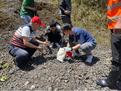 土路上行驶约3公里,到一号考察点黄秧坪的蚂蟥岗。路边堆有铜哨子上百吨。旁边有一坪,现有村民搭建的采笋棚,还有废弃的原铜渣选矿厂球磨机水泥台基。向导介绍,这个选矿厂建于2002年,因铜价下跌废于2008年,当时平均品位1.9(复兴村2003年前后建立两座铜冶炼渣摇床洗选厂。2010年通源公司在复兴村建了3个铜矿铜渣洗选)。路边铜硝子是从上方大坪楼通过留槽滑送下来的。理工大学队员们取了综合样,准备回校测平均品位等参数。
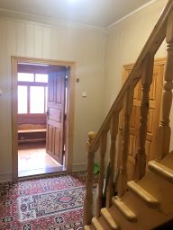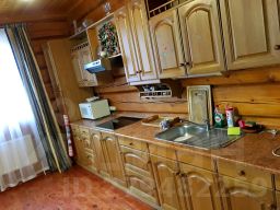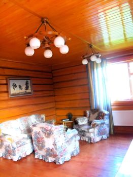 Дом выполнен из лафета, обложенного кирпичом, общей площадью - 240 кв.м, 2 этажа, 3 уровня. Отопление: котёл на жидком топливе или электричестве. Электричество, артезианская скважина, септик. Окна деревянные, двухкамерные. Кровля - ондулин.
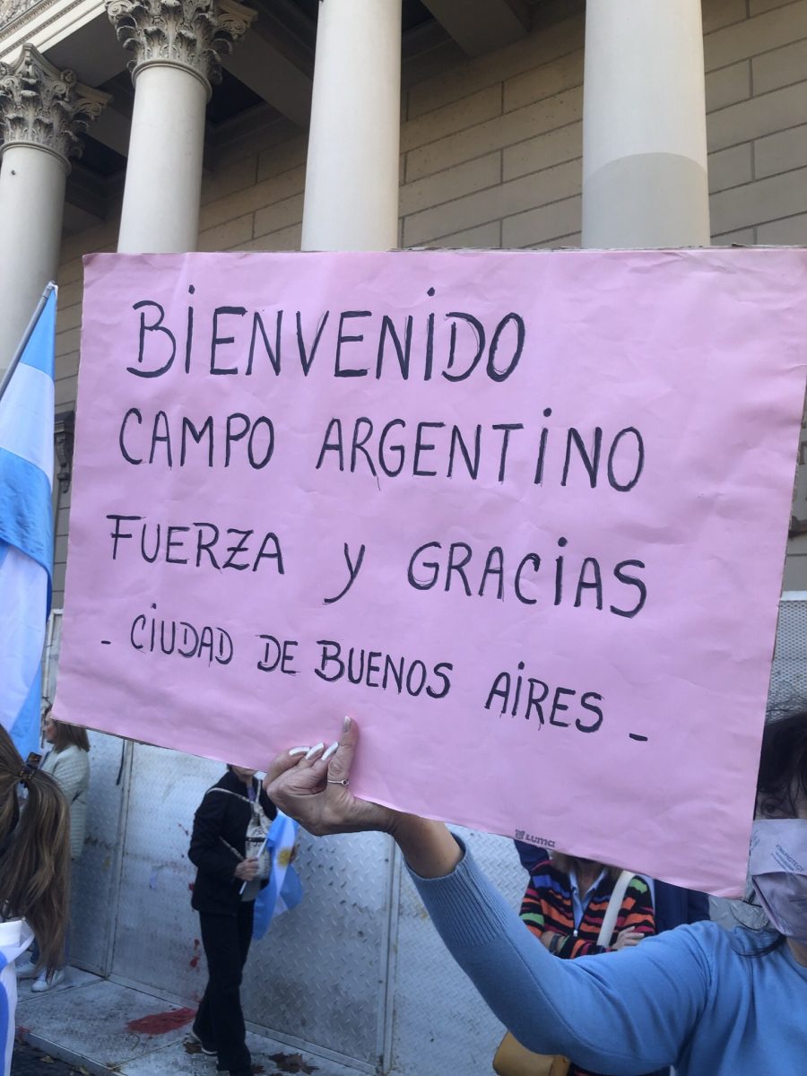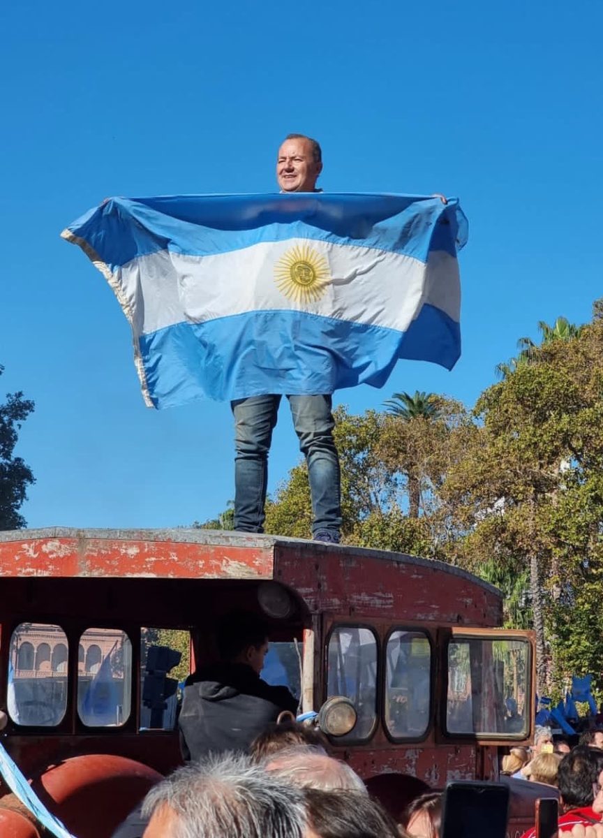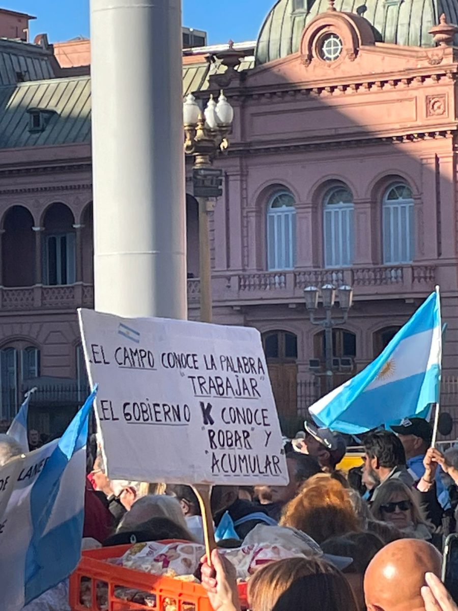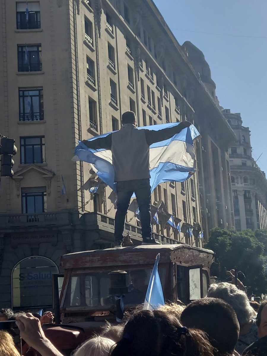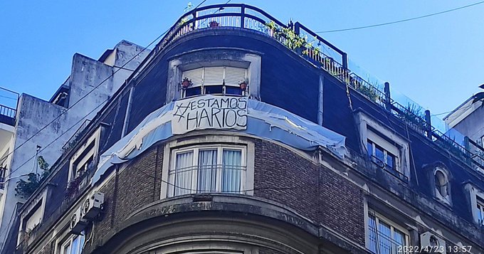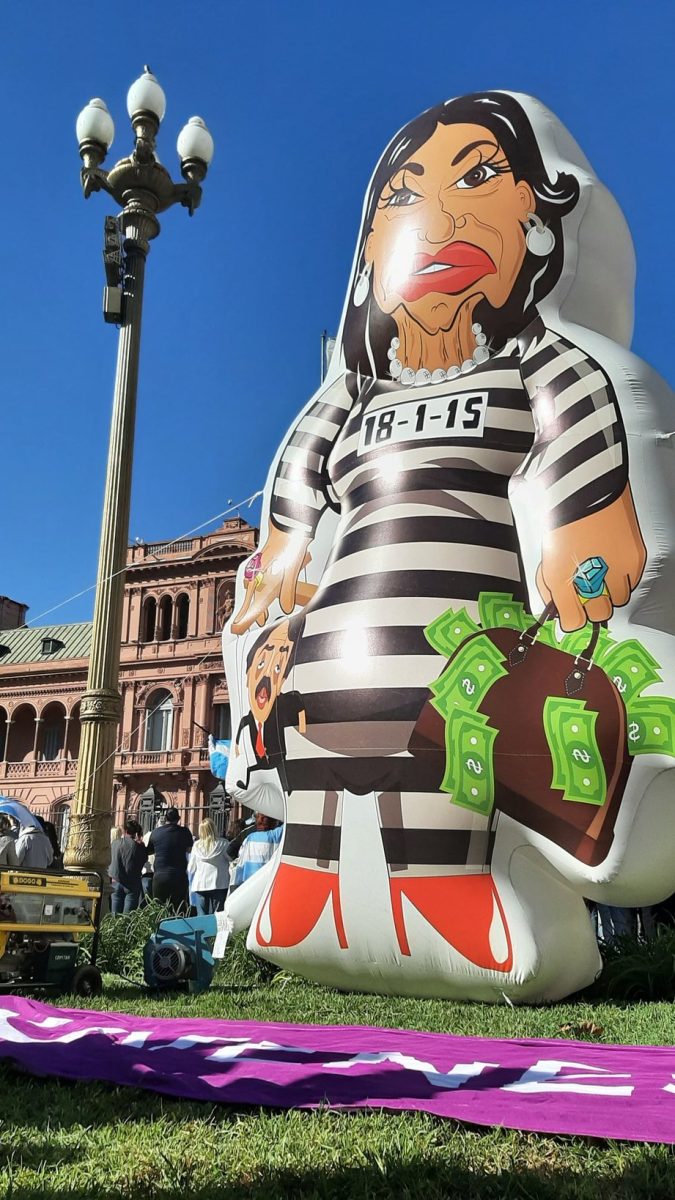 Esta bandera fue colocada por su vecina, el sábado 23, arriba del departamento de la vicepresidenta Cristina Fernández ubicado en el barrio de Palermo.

> **What you have to do**
Where pictures occur in the material above, omit them and return everything else exactly.

> **Exercise output**
 土路上行驶约3公里,到一号考察点黄秧坪的蚂蟥岗。路边堆有铜哨子上百吨。旁边有一坪,现有村民搭建的采笋棚,还有废弃的原铜渣选矿厂球磨机水泥台基。向导介绍,这个选矿厂建于2002年,因铜价下跌废于2008年,当时平均品位1.9(复兴村2003年前后建立两座铜冶炼渣摇床洗选厂。2010年通源公司在复兴村建了3个铜矿铜渣洗选)。路边铜硝子是从上方大坪楼通过留槽滑送下来的。理工大学队员们取了综合样,准备回校测平均品位等参数。
 Дом выполнен из лафета, обложенного кирпичом, общей площадью - 240 кв.м, 2 этажа, 3 уровня. Отопление: котёл на жидком топливе или электричестве. Электричество, артезианская скважина, септик. Окна деревянные, двухкамерные. Кровля - ондулин.
 Esta bandera fue colocada por su vecina, el sábado 23, arriba del departamento de la vicepresidenta Cristina Fernández ubicado en el barrio de Palermo.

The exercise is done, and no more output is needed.